• Exercise prompt
Leaving out every picture, please repeat exactly the line that contains "This oversized button-down" and each line after it through the final line below.

• Collected material
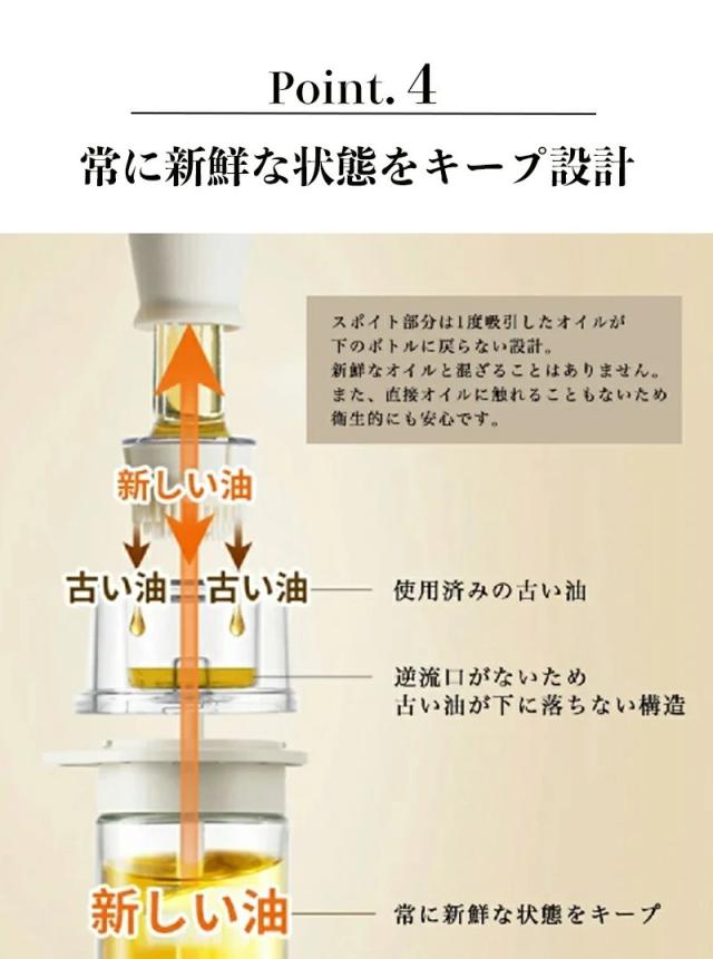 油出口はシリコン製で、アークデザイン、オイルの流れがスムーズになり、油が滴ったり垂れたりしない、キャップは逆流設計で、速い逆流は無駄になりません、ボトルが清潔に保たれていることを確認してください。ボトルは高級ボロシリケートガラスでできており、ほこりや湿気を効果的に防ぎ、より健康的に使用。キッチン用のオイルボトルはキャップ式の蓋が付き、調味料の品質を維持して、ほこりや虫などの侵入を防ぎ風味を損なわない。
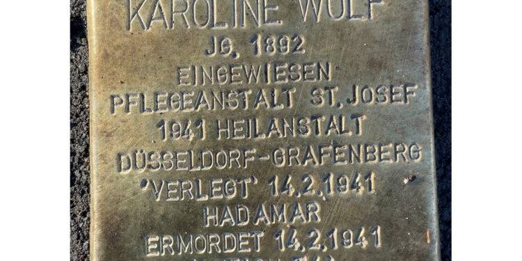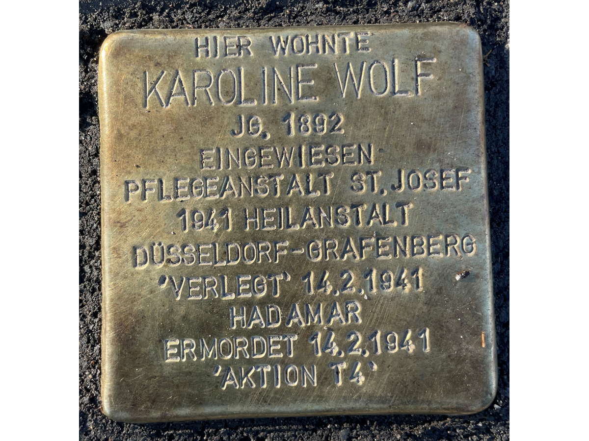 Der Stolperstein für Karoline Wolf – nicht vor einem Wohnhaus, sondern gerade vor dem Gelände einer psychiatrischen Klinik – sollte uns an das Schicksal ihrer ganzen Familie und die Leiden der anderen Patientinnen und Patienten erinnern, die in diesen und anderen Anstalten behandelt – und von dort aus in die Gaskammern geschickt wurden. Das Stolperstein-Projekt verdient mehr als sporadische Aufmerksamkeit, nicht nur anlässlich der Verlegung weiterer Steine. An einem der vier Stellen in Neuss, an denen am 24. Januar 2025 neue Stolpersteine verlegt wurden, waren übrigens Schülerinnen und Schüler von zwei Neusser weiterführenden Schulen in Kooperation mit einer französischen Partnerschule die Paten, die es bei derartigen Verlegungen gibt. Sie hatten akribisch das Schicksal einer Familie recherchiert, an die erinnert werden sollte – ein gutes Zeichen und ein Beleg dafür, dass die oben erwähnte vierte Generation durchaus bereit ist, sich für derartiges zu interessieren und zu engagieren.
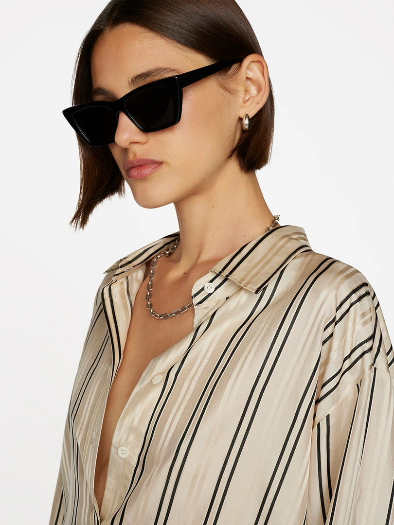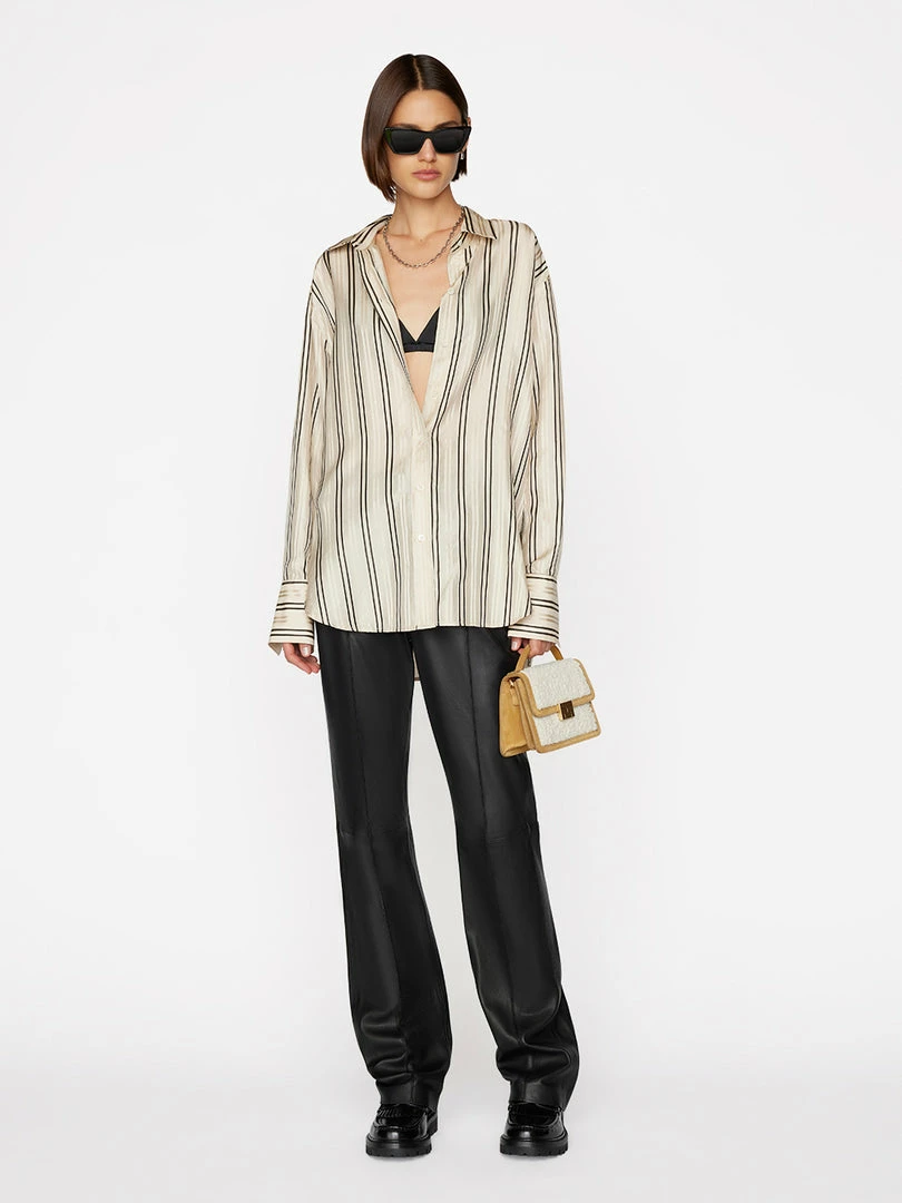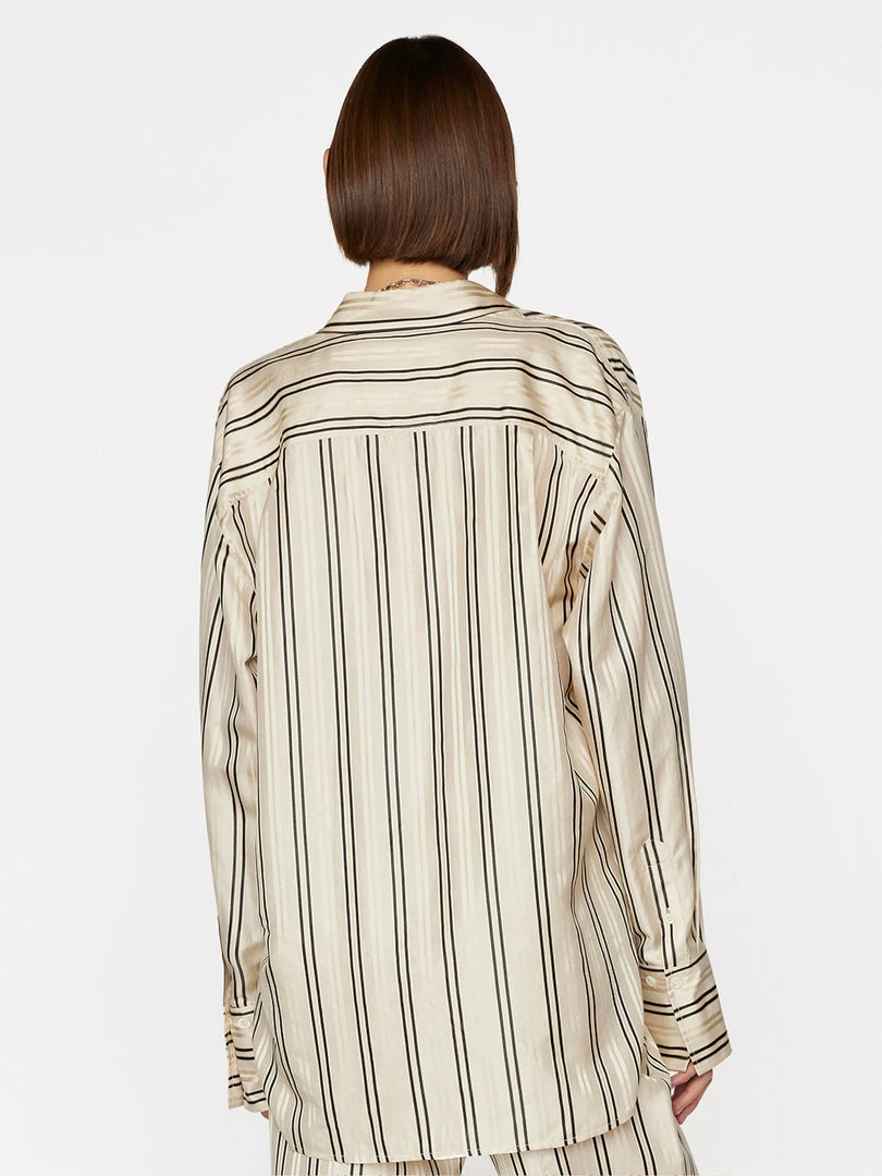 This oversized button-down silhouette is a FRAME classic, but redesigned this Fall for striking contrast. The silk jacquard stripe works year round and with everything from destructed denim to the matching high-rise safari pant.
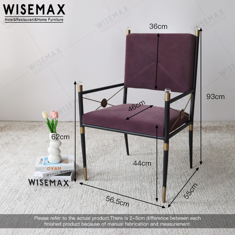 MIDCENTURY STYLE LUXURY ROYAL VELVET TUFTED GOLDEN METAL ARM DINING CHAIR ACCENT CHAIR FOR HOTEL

• Solution to this problem
 This oversized button-down silhouette is a FRAME classic, but redesigned this Fall for striking contrast. The silk jacquard stripe works year round and with everything from destructed denim to the matching high-rise safari pant.
 MIDCENTURY STYLE LUXURY ROYAL VELVET TUFTED GOLDEN METAL ARM DINING CHAIR ACCENT CHAIR FOR HOTEL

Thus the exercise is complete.